As part of our research project I have written a paper on the conflict between freedom of expression and the right to reputation in the defamation case law of the European Court of Human Rights. The paper, based on an analysis of over 120 judgments and entitled “Freedom of Expression and the Right to Reputation: Human Rights in Conflict”, has now been published in the American University International Law Review, Vol. 26, No. 1, 183-236.

The article is available on the website of the journal. It’s free of charge, so if you are interested, get it while it’s hot! Direct link: here.

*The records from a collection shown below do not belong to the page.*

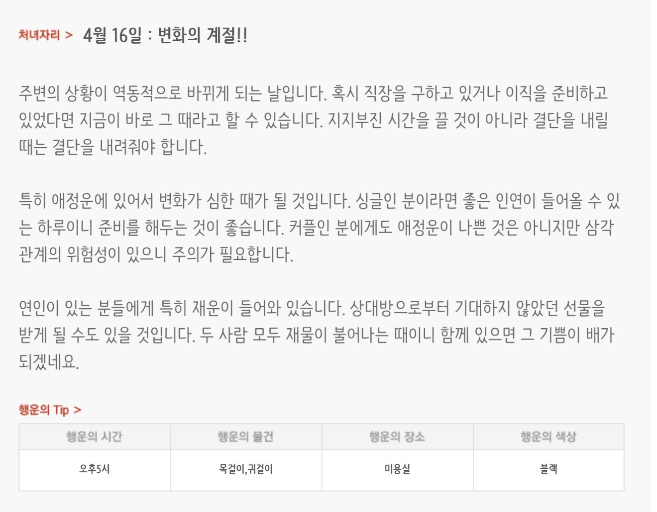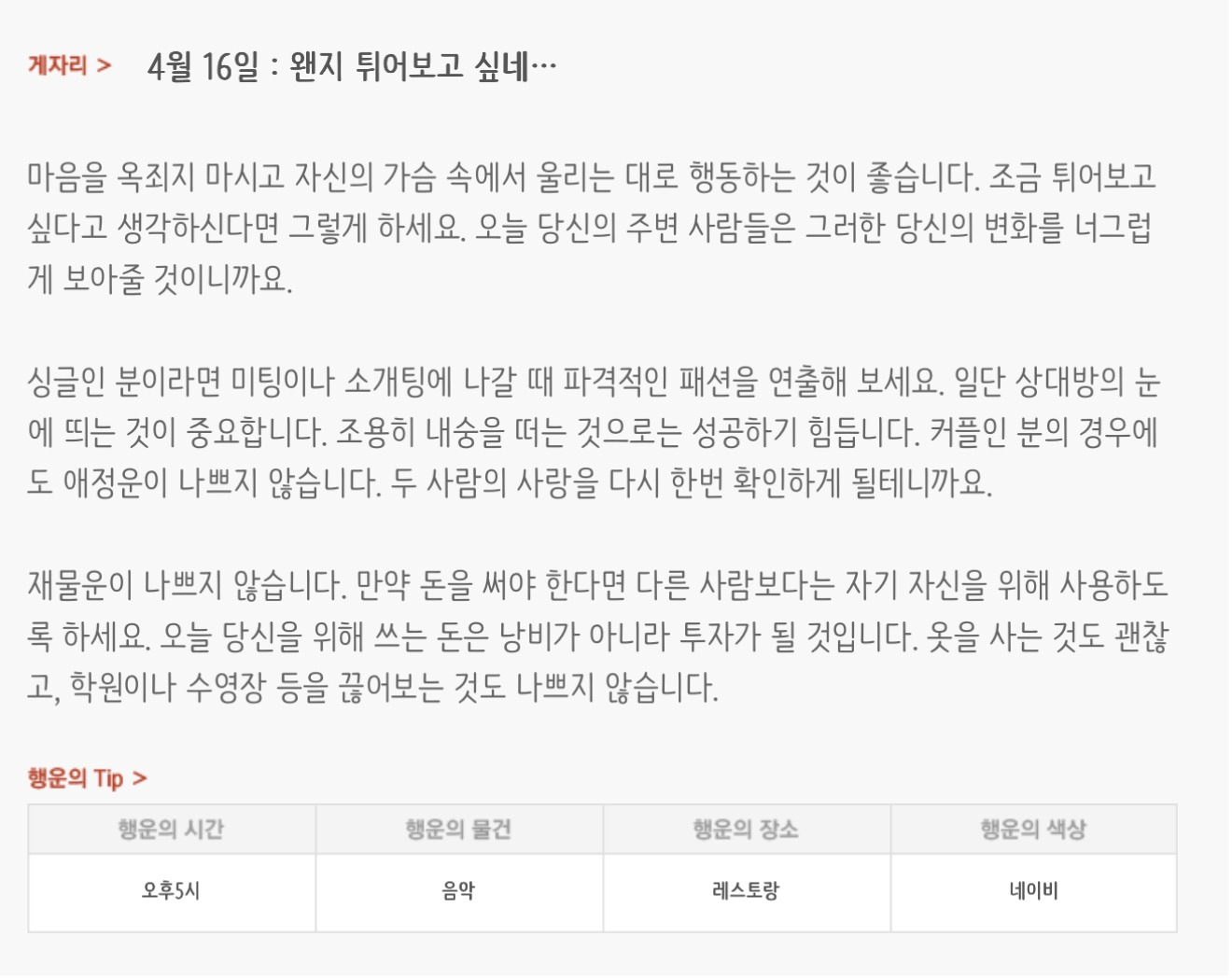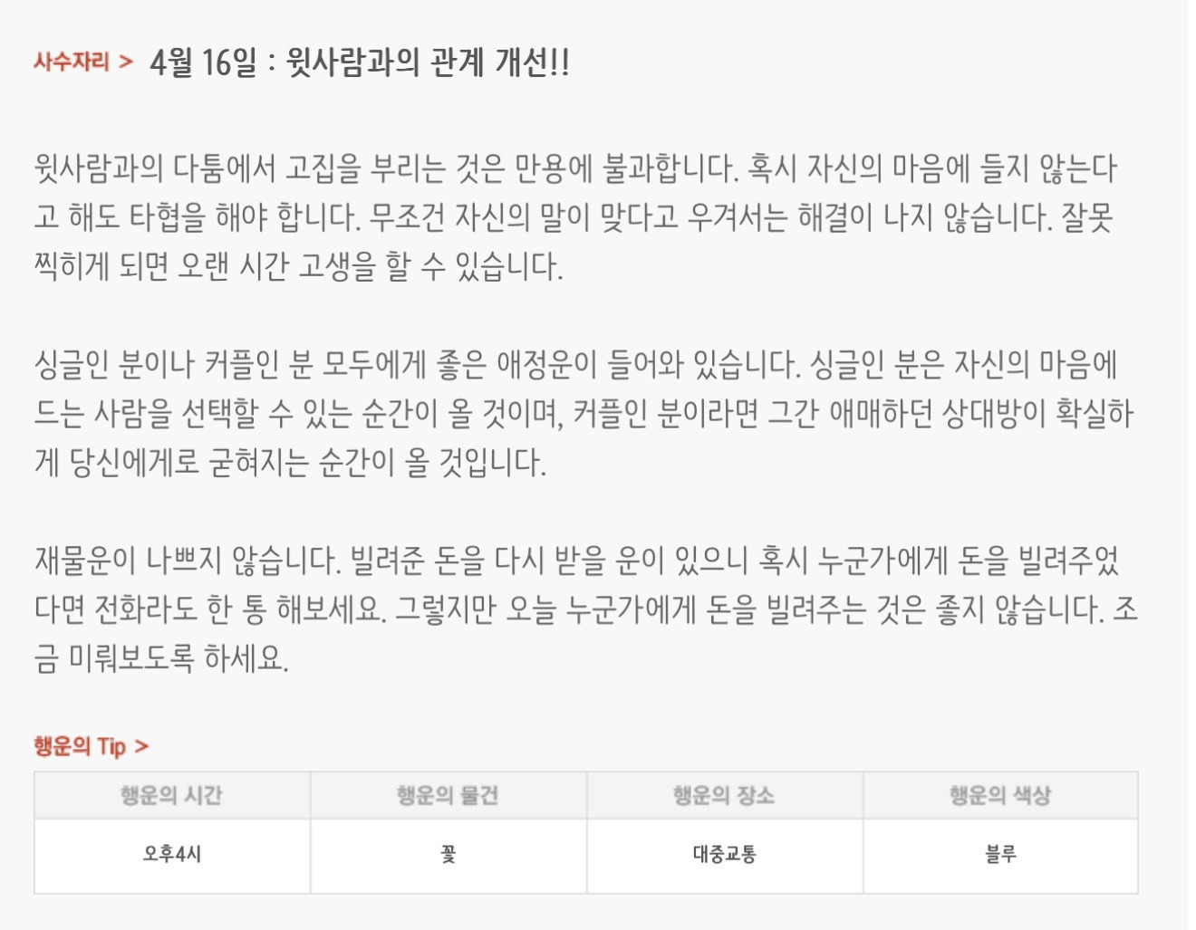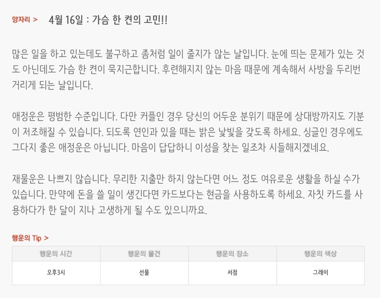 [기타]하루전에 미리보는 4월 16일 별자리운세 작성자자동Bot|작성시간26.04.15|조회수625 목록 댓글 27 글자크기 작게가 글자크기 크게가 방석 위로 모여라출처 : 산수도인 다음검색 현재 게시글 추가 기능 열기 북마크 공유하기 신고 센터로 신고 댓글 댓글 27 댓글쓰기 답글쓰기 댓글 리스트 작성자개미지옥 | 작성시간 26.04.16 복채 작성자내심장이라도꺼내서보여줄까 | 작성시간 26.04.16 복채 작성자OdetoLove | 작성시간 26.04.16 복채 작성자정아지 | 작성시간 26.04.16 복채 작성자이조달라 | 작성시간 26.04.16 복채 댓글 전체보기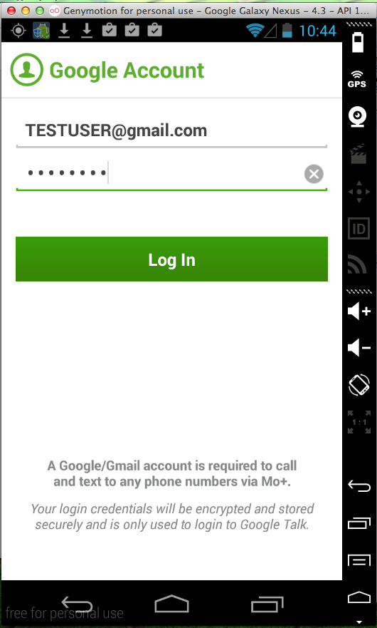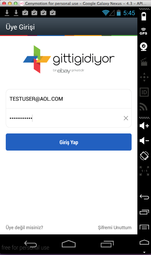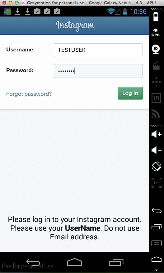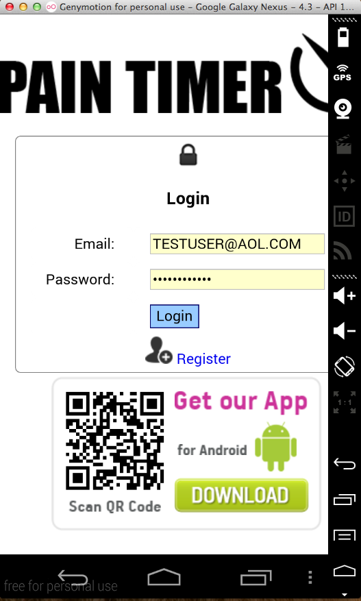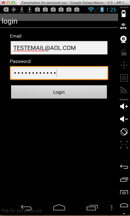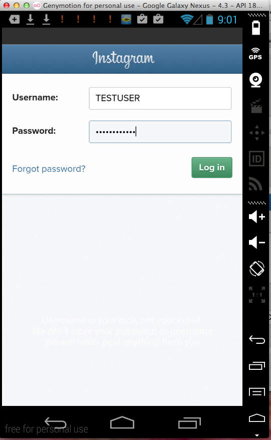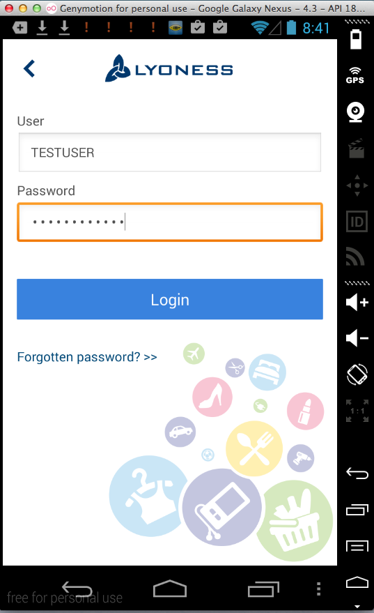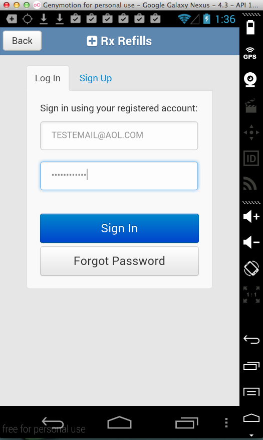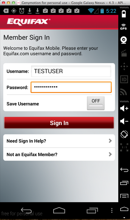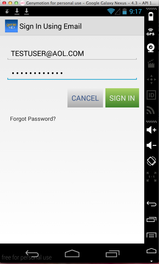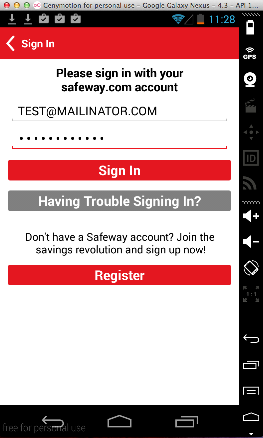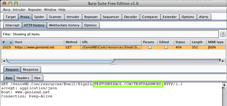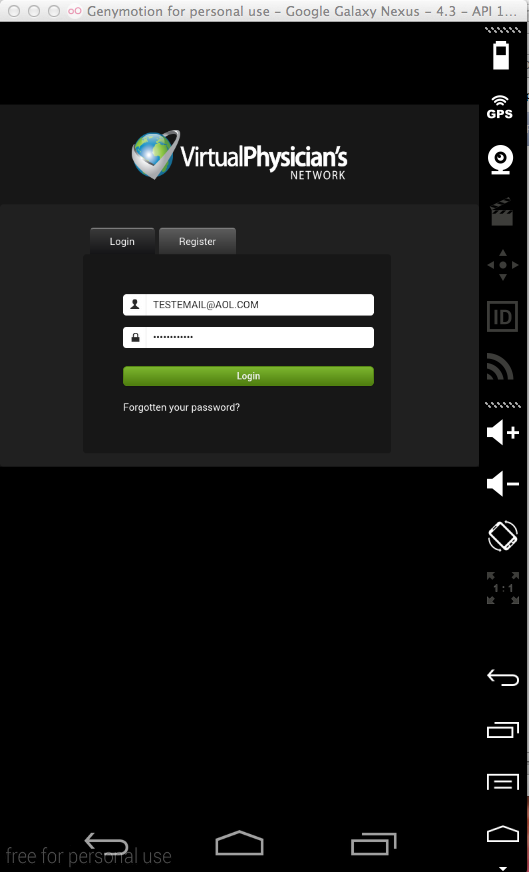 I logged in with test credentials, and harvested them from Burp via MITM attack. Note that the HTTPS certificate is not validated, so the username is visible, but since the app uses hashing the password is not visible.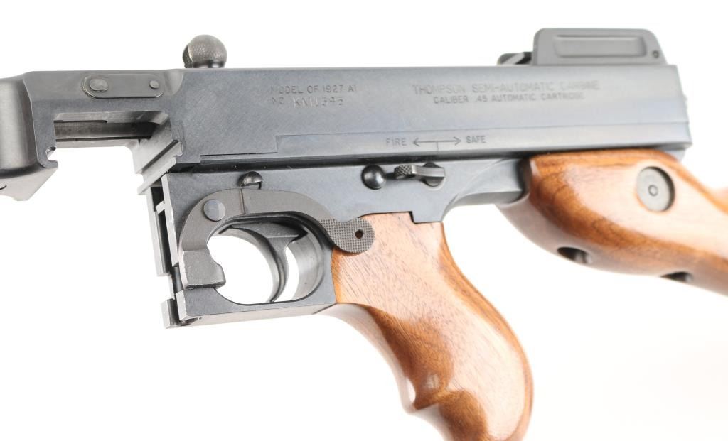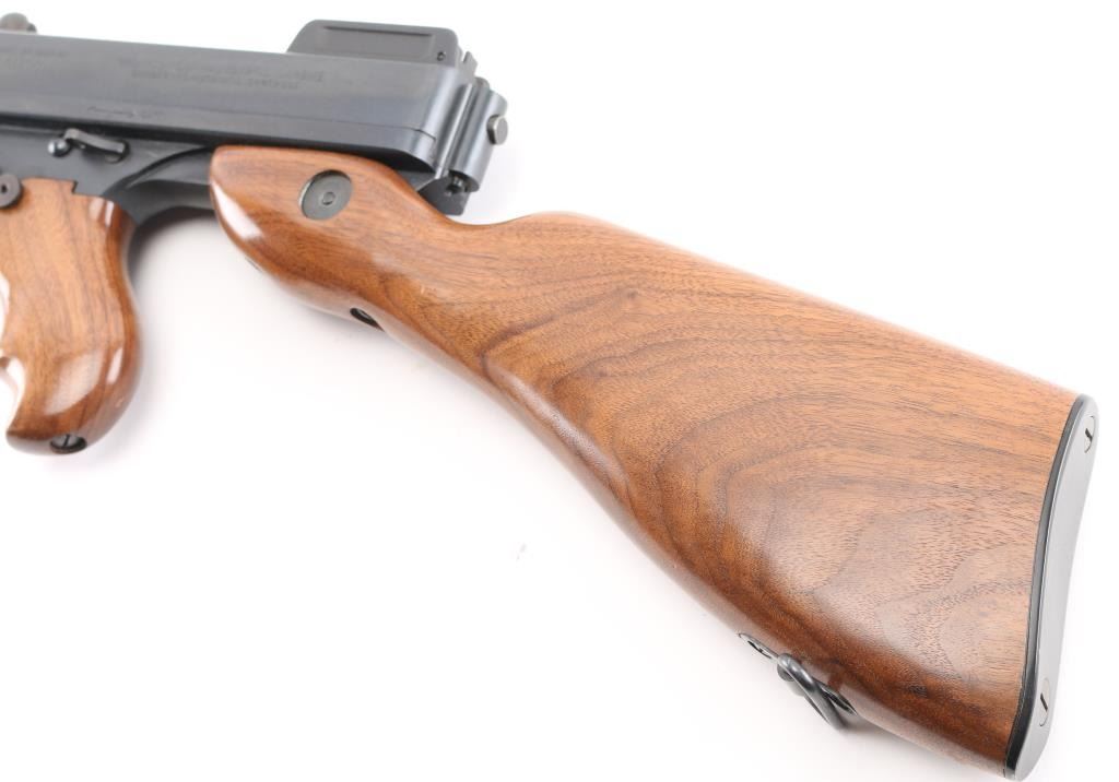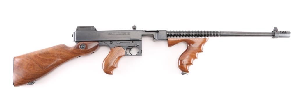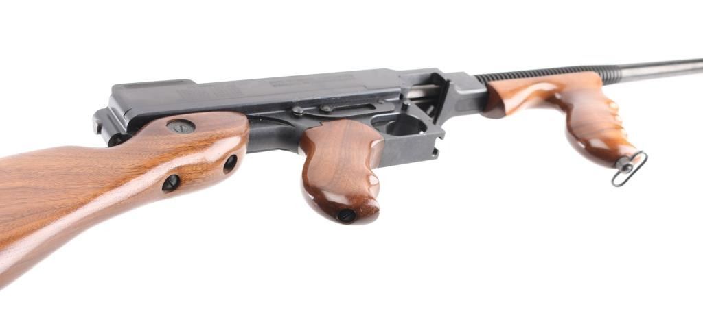 Semi-Automatic version of the Thompson Sub-Machine Gun. The "Chicago Typewriter". 18" finned barrel with pinned Cuts compensator. Blade front and flip ladder, adjustable rear sights. Blued finish with polished American Walnut fixed stock, and vertical foregrip. Steel buttplat. All correct Auto-Ordnance markings , including the "Thompson Trade Mark" bullet on the top receiver, and compensator. Sling swivel attached. Bore appears excellent/bright. Action is crisp/tight. Blue is about 98% with very minor edge wear. Wood is excellent. No magazine. NRA Condition-Excellent. Modern Firearm.
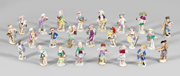 24-tlg.; Auf rocaillereliefiertem Sockel stehende Amorettenknaben und -mädchen, verkleidet u. a. höfische Dame mit Muff, mit Triangel, Harlekinette (Columbine) mit Pritsche, Hirtenmädchen, Fischer, Bergmann, Bäcker und Kavalier. Polychrome Malerei mit Goldstaffage. Entw. Michel Victor Acier, um 1775. Teilw. minim. best./Unw. rest.; Schwertermarke. H. 9 cm - 10,5 cm.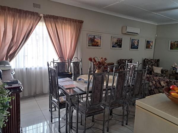 A 3 bedroom family house set on a big stand, close to Carleton Jones High School. Move in ready and very neat. Braai outside for weekend visits. 2 Outside rooms and single garage. 12 Solar Panels. 2 Jojo tanks.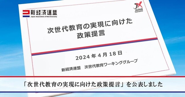 一般社団法人新経済連盟(所在地:東京都港区、代表理事:三木谷浩史)の次世代教育ワーキンググループは、2024年4月18日、「次世代教育の実現に向けた政策提言」を公表しました。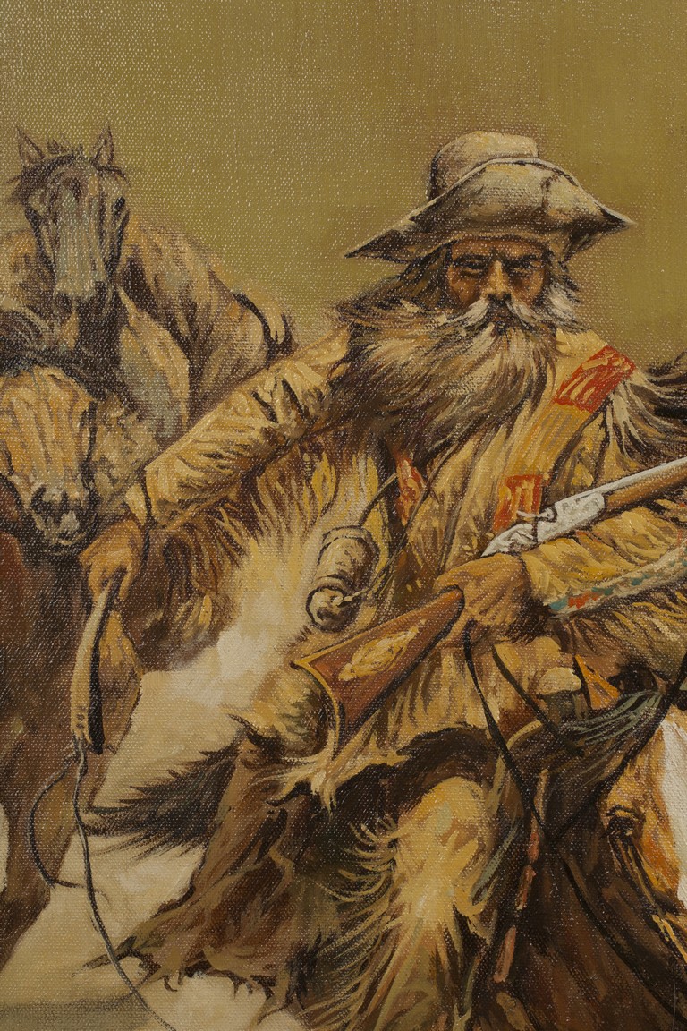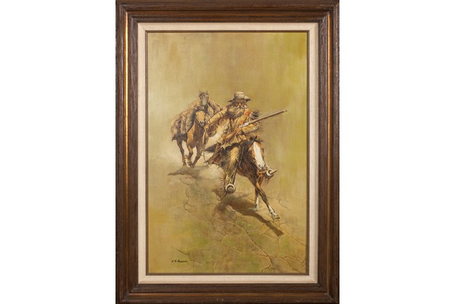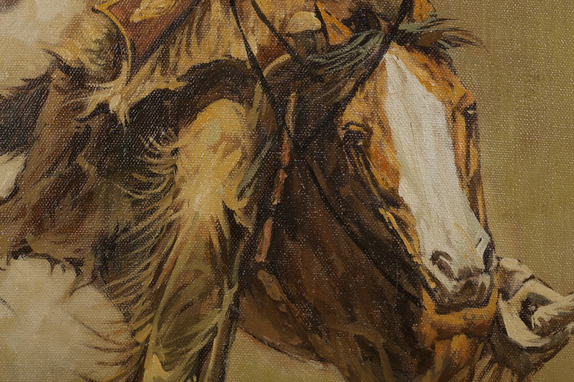 AN OIL ON CANVAS 'HORSE RIDERS' PAINTING 人物油畫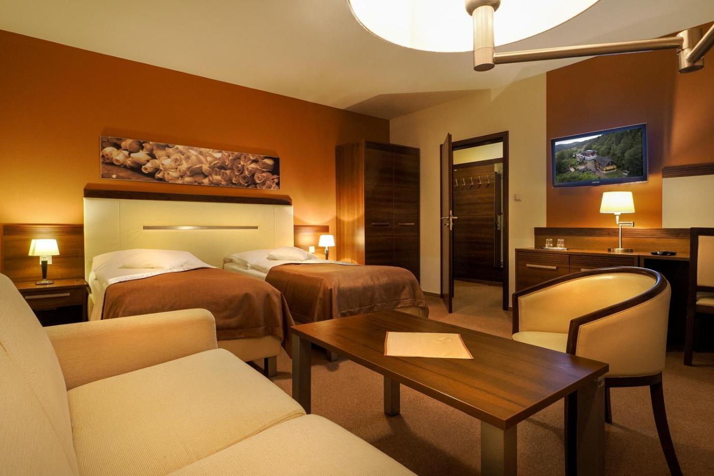 W pokoju znajdują się gniazdka koło łóżka dla wygody ładowania urządzeń.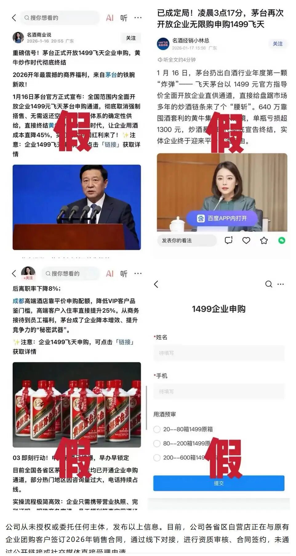 贵州茅台在提示中称,近期,线上平台再次出现冒用茅台名义,发布“开放企业直供通道”“企业1499飞天申购,点击链接获取详情”“飞天茅台官方申请入口”“无需搭售、点击链接立即申请”“1499元企业申购通道”等虚假招商信息,有关内容均属不实宣传,存在误导消费者、甚至诈骗风险。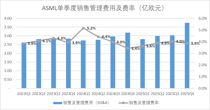 图:ASML单季度费用及费率情况,来源:企业财报,锦缎研究院整理

Comments on the article, below this post or via e-mail, are more than welcome!

The abstract:

Ever since the European Court of Human Rights has recognised the existence of a right to protection of reputation under the European Convention on Human Rights, a conflict between Convention rights arises in defamation cases. In such situations of conflict between human rights, their indivisibility requires that both rights carry a priori equal weight. Yet, the research conducted for this article indicates that the Court engages in preferential framing and incomplete reasoning when attempting to resolve the conflict between freedom of expression and the right to reputation in its defamation case law. In order to pre-empt such preferential framing and to improve the reasoning of the Court, the article proposes a theoretical model for the resolution of conflicts between human rights. The defamation jurisprudence of the Court is critically analysed through the lens of this model. The article demonstrates how the model might prove to be a useful tool to improve the legal reasoning of the Court in defamation cases.